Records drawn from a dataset
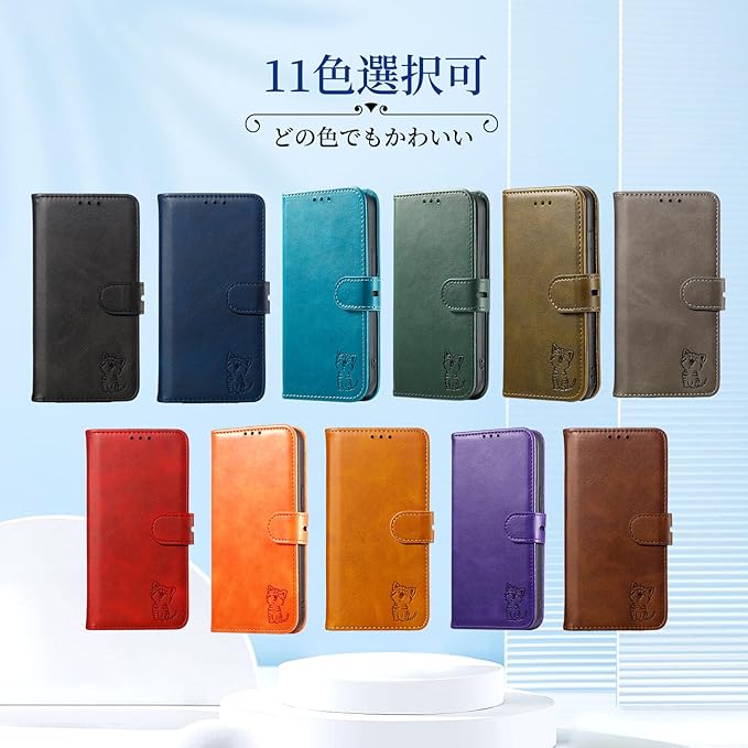 【素材:高級PUレザーとアップグレードしたTPUケース】本製品は厳選されたPUレザーを採用し、エンボスの猫柄が特徴です。レザー自体が水分をはずみ、汚れやシミが付きにくい仕様です。肌触りのような感じで、手汗が出てきても滑りにくいです。インナーケースは弾力あるTPU製で、ケースの一番右したのところにストラップホールもあり、お好きな小物とかお付けられます。柔らかく耐衝撃が強くなり、着脱もスムーズで、不意な落下からスマホをしっかりお守れます。
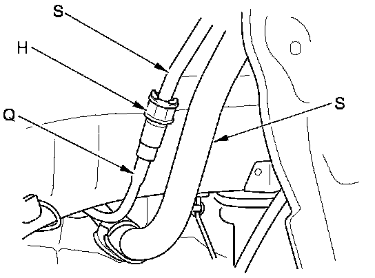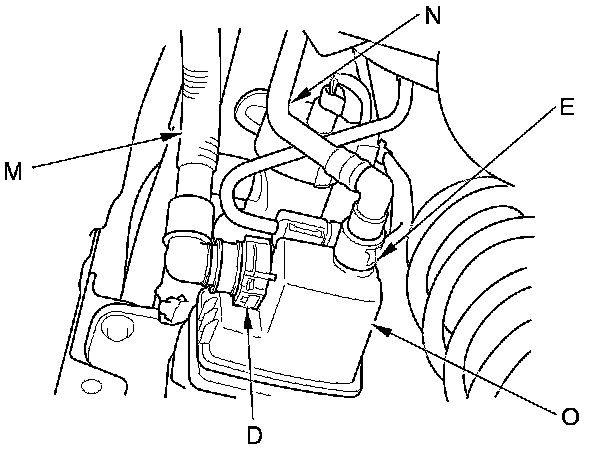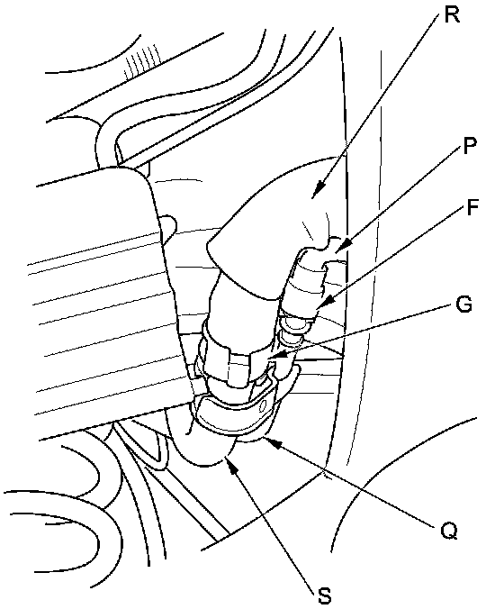 The fuel line/quick-connect fittings (A, B, C, D, E, F, G, and H) connect the fuel feed hose (I) to fuel feed line (J), the fuel line (K) to the fuel tank unit (L), the fuel vent tube (M) to fuel tank unit, the fuel purge line (N) to the EVAP canister (O), the fuel vent tube to EVAP canister, the fuel tank vapor recirculation tube (P) to vapor control valve tube (Q), the fuel fill neck tube (R) to the fuel fill pipe (S), the vapor control valve tube to the fuel fill neck tube, and when removing or installing the fuel feed hose, the fuel tank unit, or the fuel tank, or when disconnecting/connecting the quick-connect fittings, pay attention to the following:
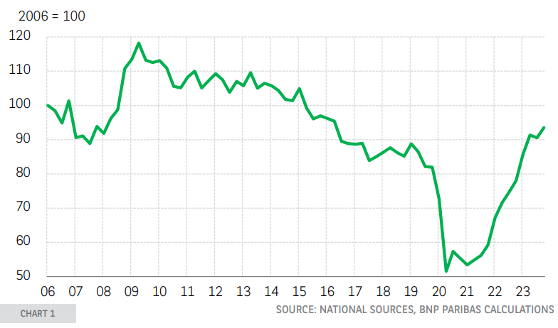 我们的西欧企业破产指数已高于疫情前的水平。然而,这仍远低于2008年危机后和欧元区危机期间(2011年至2015年)的峰值。在大多数国家,企业破产水平现在高于大流行前的水平。自2022年以来,英国和瑞
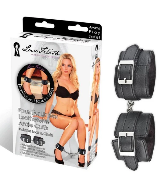 Verstellbare, schwarze Fußfesseln, innen mit Kunstfell gefüttert aus 100% PVC verbunden durch eine schwere Gliederkette mit Schloss, inklusive 2 Schlüsseln.
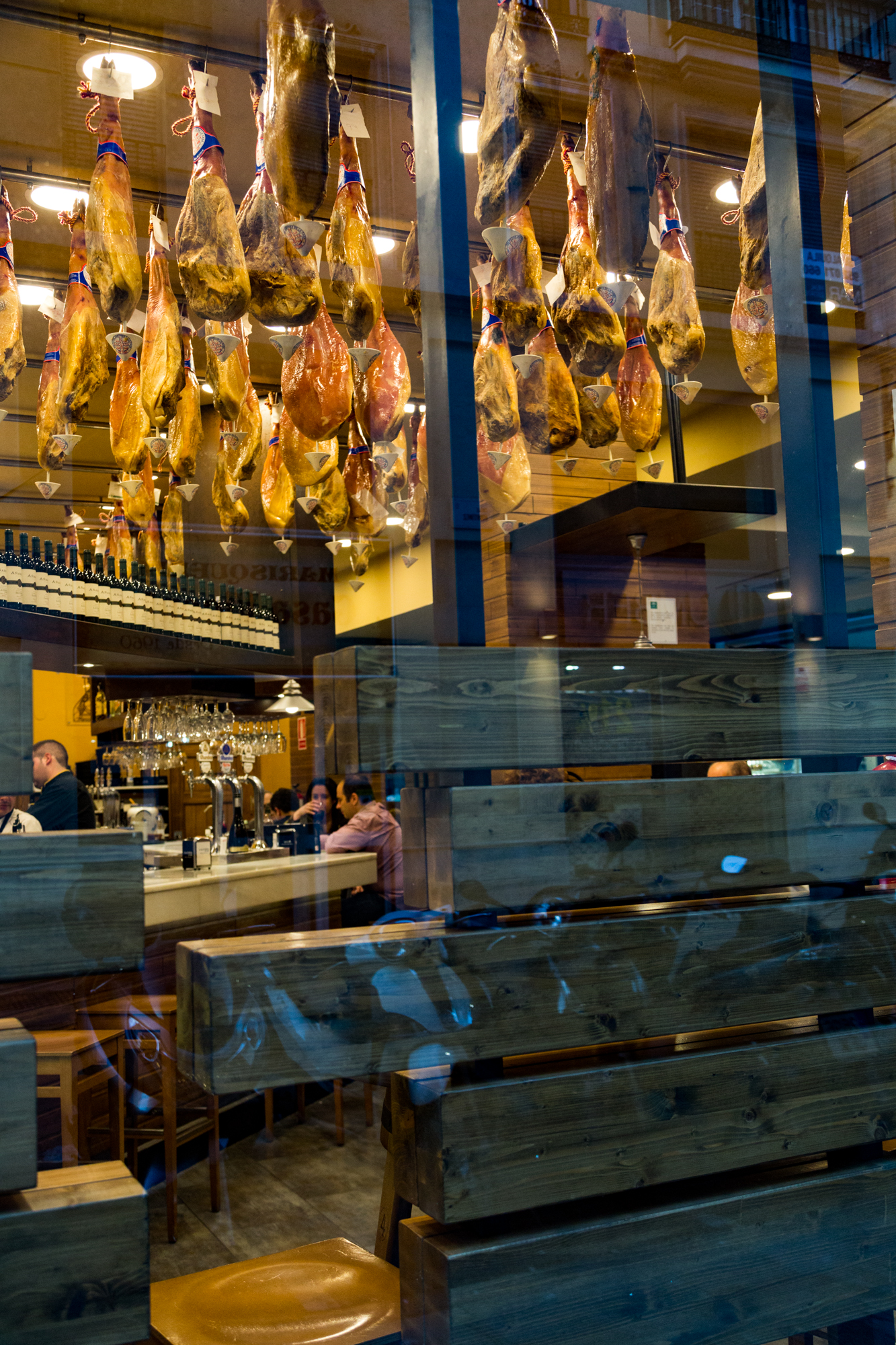 Had Clams and Malaga shrimp at Doramar. Lunch at Garvm was squid ink croquettes, mediterranean spiced tuna with couscous and grilled Octopus. Highly recommend. One day we ate at this Italian place called Mura Mura. It was unique in many ways. The menu was a hand written book with pictures and the bill was written on a slate along with a special thank you note. We ate the Octopus, Burrata and Beef filled Tortellini here. Everything was flavorful. The salt content in the food everywhere in Spain is pretty high for my taste. My palette is used to very little salt so it was hard for me to each a lot. Spain is famous for Iberico ham. It is a common site to see pork legs hanging from the ceiling in markets and restaurants.
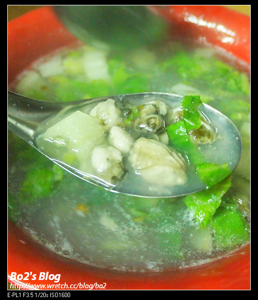 在金門,不管是蚵仔麵線/蚵仔米粉湯,以之於這蚵仔湯,只能說,這裡的店家,蚵仔都給的毫不吝嗇,真的讓我吃的好開心。吉祥餐飲的蚵仔湯,裡頭還加了小白菜,蚵仔還帶有點淺淺的勾芡,跟台灣吃到的口味有點不大一樣,雖然鮮度十足,不過調味稍淡了些,有點美中不足。
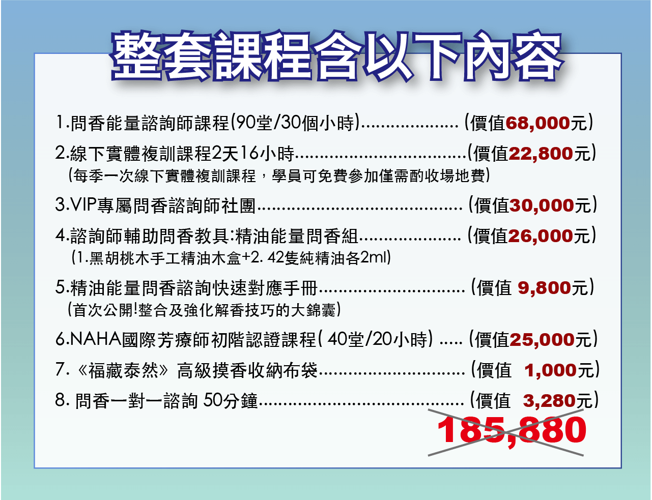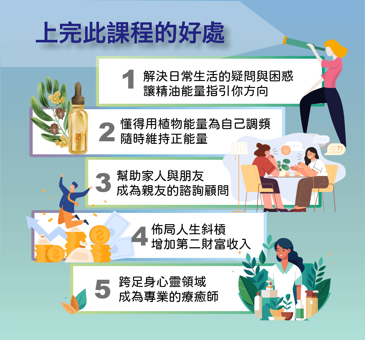 超過10,000個諮詢案例,諮詢時間超過20,000小時學員遍及大陸與台灣的李國禎老師,將複雜的精油問香知識系統化,邏輯化,入門者也能輕鬆易懂。過這門課程讓你深入了解精油與能量的連結,學習如何透過神奇的問香進行身心靈療癒,讓你成為療癒自己也療癒他人的專業諮詢師。
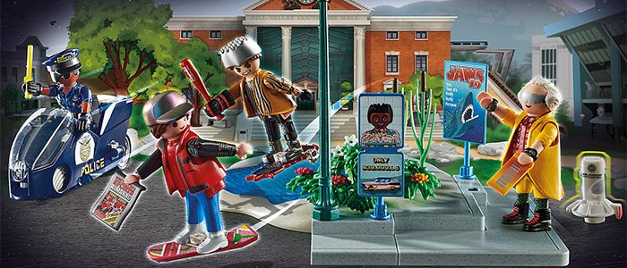 Playmobil is releasing two new Back to the Future playsets. There’s one inspired by the “future” of Back to the Future Part II with a playset inspired by the hoverboard chase in Hill Valley town square, and then we have a new vehicle playset inspired by the end of the original Back to the Future (which is also the beginning of the sequel), when a little change in history back in 1955 made Marty McFly’s present day life in 1985 a little bit sweeter. Check out the new Playmobil Back to the Future playsets below.

Your assignment
Give back the entries verbatim. Do not include any picture.

Completed task
 【素材:高級PUレザーとアップグレードしたTPUケース】本製品は厳選されたPUレザーを採用し、エンボスの猫柄が特徴です。レザー自体が水分をはずみ、汚れやシミが付きにくい仕様です。肌触りのような感じで、手汗が出てきても滑りにくいです。インナーケースは弾力あるTPU製で、ケースの一番右したのところにストラップホールもあり、お好きな小物とかお付けられます。柔らかく耐衝撃が強くなり、着脱もスムーズで、不意な落下からスマホをしっかりお守れます。
 The fuel line/quick-connect fittings (A, B, C, D, E, F, G, and H) connect the fuel feed hose (I) to fuel feed line (J), the fuel line (K) to the fuel tank unit (L), the fuel vent tube (M) to fuel tank unit, the fuel purge line (N) to the EVAP canister (O), the fuel vent tube to EVAP canister, the fuel tank vapor recirculation tube (P) to vapor control valve tube (Q), the fuel fill neck tube (R) to the fuel fill pipe (S), the vapor control valve tube to the fuel fill neck tube, and when removing or installing the fuel feed hose, the fuel tank unit, or the fuel tank, or when disconnecting/connecting the quick-connect fittings, pay attention to the following:
 我们的西欧企业破产指数已高于疫情前的水平。然而,这仍远低于2008年危机后和欧元区危机期间(2011年至2015年)的峰值。在大多数国家,企业破产水平现在高于大流行前的水平。自2022年以来,英国和瑞
 Verstellbare, schwarze Fußfesseln, innen mit Kunstfell gefüttert aus 100% PVC verbunden durch eine schwere Gliederkette mit Schloss, inklusive 2 Schlüsseln.
 Had Clams and Malaga shrimp at Doramar. Lunch at Garvm was squid ink croquettes, mediterranean spiced tuna with couscous and grilled Octopus. Highly recommend. One day we ate at this Italian place called Mura Mura. It was unique in many ways. The menu was a hand written book with pictures and the bill was written on a slate along with a special thank you note. We ate the Octopus, Burrata and Beef filled Tortellini here. Everything was flavorful. The salt content in the food everywhere in Spain is pretty high for my taste. My palette is used to very little salt so it was hard for me to each a lot. Spain is famous for Iberico ham. It is a common site to see pork legs hanging from the ceiling in markets and restaurants.
 在金門,不管是蚵仔麵線/蚵仔米粉湯,以之於這蚵仔湯,只能說,這裡的店家,蚵仔都給的毫不吝嗇,真的讓我吃的好開心。吉祥餐飲的蚵仔湯,裡頭還加了小白菜,蚵仔還帶有點淺淺的勾芡,跟台灣吃到的口味有點不大一樣,雖然鮮度十足,不過調味稍淡了些,有點美中不足。
 超過10,000個諮詢案例,諮詢時間超過20,000小時學員遍及大陸與台灣的李國禎老師,將複雜的精油問香知識系統化,邏輯化,入門者也能輕鬆易懂。過這門課程讓你深入了解精油與能量的連結,學習如何透過神奇的問香進行身心靈療癒,讓你成為療癒自己也療癒他人的專業諮詢師。
 Playmobil is releasing two new Back to the Future playsets. There’s one inspired by the “future” of Back to the Future Part II with a playset inspired by the hoverboard chase in Hill Valley town square, and then we have a new vehicle playset inspired by the end of the original Back to the Future (which is also the beginning of the sequel), when a little change in history back in 1955 made Marty McFly’s present day life in 1985 a little bit sweeter. Check out the new Playmobil Back to the Future playsets below.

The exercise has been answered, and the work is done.